1% and 0.1% lows as bars on a chart took on a lifetime of their very own over the past decade. They’re nonetheless the quickest “glanceability,” and we’re glad we launched them to our charts now 11 years in the past, and we’re going to proceed to make use of them. However it’s time to attempt to discover new metrics, and we hope animation error can complement the 1% and 0.1% common bar representations of frametime pacing as one other means to find out why a recreation simply feels unhealthy typically.

However we do not wish to oversell what this quantity truly means. In Tom Petersen’s phrases: this can be a “how jittery am I” metric. Our work right here on and off over the previous couple years, and extra critically over the previous month, has been attempting to show the idea and discover a solution to put it on a chart that is smart to anyone. 

We devoted lots of time to explaining how and why it is totally different from the numbers that we already measure, however in follow and typically, we count on it to enrich these numbers, not contradict them. 

That additionally means we aren’t essentially anticipating any large upsets versus what we have already concluded in present evaluations.

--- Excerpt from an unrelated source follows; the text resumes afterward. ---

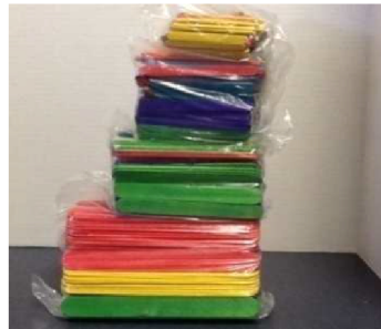
24. Colored craft sticks

That stated, this can be a useful new software that may do a number of different issues for us: it might probably present us when we have to make a frametime plot extra simply, it might probably present us when stuttering occurs independently from frametime spikes (though which may be unlikely), it might probably (form of) normalize for frametimes in a means that makes comparisons between totally different {hardware} simpler, and it might probably take care of up-and-down frametime tendencies throughout take a look at passes successfully.

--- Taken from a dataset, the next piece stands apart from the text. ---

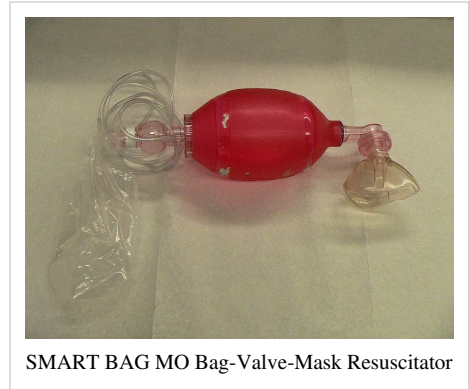
SMART BAG MO Bag-Valve-Mask Resuscitator

Most significantly, animation error forces us to consider why we measure the issues we do. We’re now nearer to discussing why stuttering feels unhealthy, not simply the truth that it exists. 

We’re nonetheless experimenting with methods to make it helpful. 

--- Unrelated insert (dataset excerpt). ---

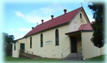
St. Patrick's Paynesville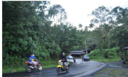
Figure 1: General Condition of Streetscape Between the North Gate and the Settlement Area.

After passing the north gateway of the Tomohoncity, there is a still a very long pause before reaching the residential area in general or downtown area (Figure 1). Based on observations, scenic vistas -whether to expansive open space areas within the city or to the mountains beyond- are a key element of the nature of Tomohon City's streetscape (Figure 2). The city's varied topography provides beautiful panoramic views to Manado City, Mount Tumpa, Manado Tua Island, sea, agroforestry landscape, Mount Lokon, Mount Masarang, and Mount Tampusu.

If you wish to attempt it out for your self, PresentMon is free and open-source, and it now has a GUI model out there as properly. Should you’re a reviewer and you discover this convenient in creating your personal strategies, we’d recognize you pointing again right here.

We’ve been utilizing PresentMon for years, and really, most individuals who’ve examined recreation efficiency have — they simply typically don’t realize it. 

PresentMon is wrapped by half a dozen different instruments that reskin it or use it in some capability and it’s an open supply venture with contributions from across the {hardware} group.

We use the command line model, however there’s additionally a person interface software you could see in our video the place we launched Jay to it beforehand. They generally have totally different options.

Due to that, a fast safety warning first: don’t go to PresentMon dot com or obtain something from that website. PresentMon is hosted on GitHub and Intel.com and is an open supply utility. Normally when somebody pretends PresentMon is their very own venture and reskins it with an interface, they at the very least give you a brand new title. For safety functions, we’d advise solely downloading PresentMon itself from GitHub or the Intel website.

Testing animation error like that is thrilling as a result of we will lastly instantly rating stuttering as a substitute of merely deducing it. Massive image, that is just like when PresentMon moved away from MsBetweenPresents: the numbers and conclusions could not change a lot, however the measurements are nearer to what we’re actually speaking about. 

This isn’t the endgame of benchmarking. Hopefully there received’t be one, as a result of that’d be boring. There’s much more to study and that is exploratory and simply us placing analysis out to the web to experiment with. It’s additionally as much as the distributors to play ball with open supply instruments like PresentMon. Experiment with the brand new concepts and level again to us should you discover our work useful as a basis, and credit score to Tom Petersen for opening up the instruments to measure these metrics.